How are anxiety and depression helping me?

IIn order to answer the question: “What's next for me?” We first need to answer the question: “What is happening for me right now?” Getting lost in the daily hustle and being part of a culture that encourages us to tune out instead of in, makes this a lot easier said than done. However, if we have the tools and the space to stay alive in the present moment we are given a choice: to stay asleep or to wake ourselves up.

As we attempt to grapple with how to live a full life in a moment that is still weighed down by seemingly unending uncertainty and grief, many of us have noticed an increase in anxiety, depression, and fear. We feel more unsure of ourselves and our decisions, fall deep into the crevices of our couches, over-socialize, work too much, say we want it do it differently, but continue to find ourselves repeating unhelpful patterns.

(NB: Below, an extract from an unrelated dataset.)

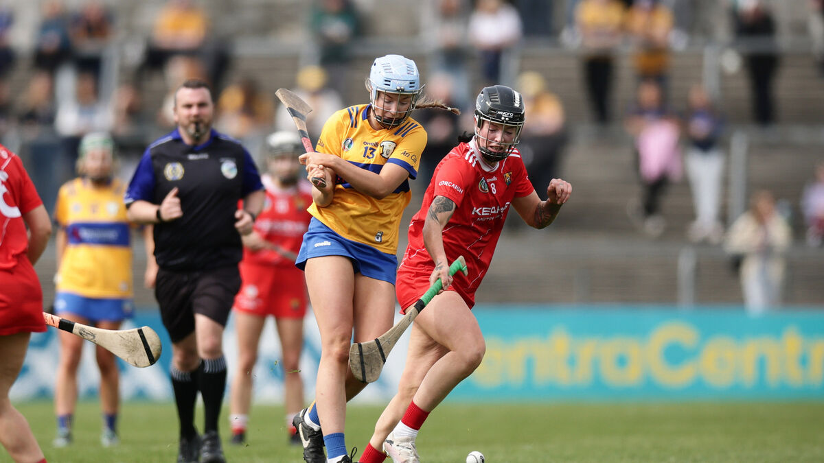 Clare's Caoimhe Cahill and Ashling Thompson of Cork in action during last year's Munster Senior Camogie Championship game at Zimmer Biomet Páirc Chíosóg. Picture: Inpho/Tom Maher

The truth is, if you could do it differently, you would. It's not you that's the problem, it's that you are using survival tools to solve problems that require creative tools. And in order to get creative: you've got to feel the feels.

The tricky thing about anxiety and depression is that they are actually examples of non-feeling. This may be hard to understand, as it feels like we are experiencing so much of something when we are in these states. However, in reality they are helping to protect us from the more difficult, heavier truths. If we had felt the true depth of the sadness, the horror, the reopening of old wounds at the height of the pandemic, we wouldn't have been able to show up for our jobs every day, to care for our kids, or to make funeral arrangements for our loved ones. We had to either be in action mode—hence the rise in anxiety: it is a propellant— or we had to shutdown—hence the rise in depression: it is our anger turned inward, the anger that we couldn't express because we had to keep on keeping on, the anger that we didn't even know we had.

The hyper-aroused state (racing thoughts, obsessing about to do lists, heart palpitations, sleep disturbance) and the hypo-aroused state (participating in endless scrolling, hearing a critical or shaming voice constantly, eating more than what nourishes you, difficulty experiencing pleasure) are both invitations inward. Invitations to experience your rich, varied, complicated and full emotional worlds.

And yet, we need to learn how to take up this invitation and be assured that when we go there, we will be able to find our way through and make room for relief, peace and joy. This takes time. This takes teaching. This takes having new experiences. This takes a loving community.

Meanwhile, many institutional and interpersonal forces are telling us: “move on, get back to normal, hurry up.” At Spoke, we know that we have to be able to release the things that have been under the pins before we feel freed up enough to “move on.” We need to be regulated enough to connect to both our inner wisdom and the supportive people in our lives who will encourage us to keep exploring.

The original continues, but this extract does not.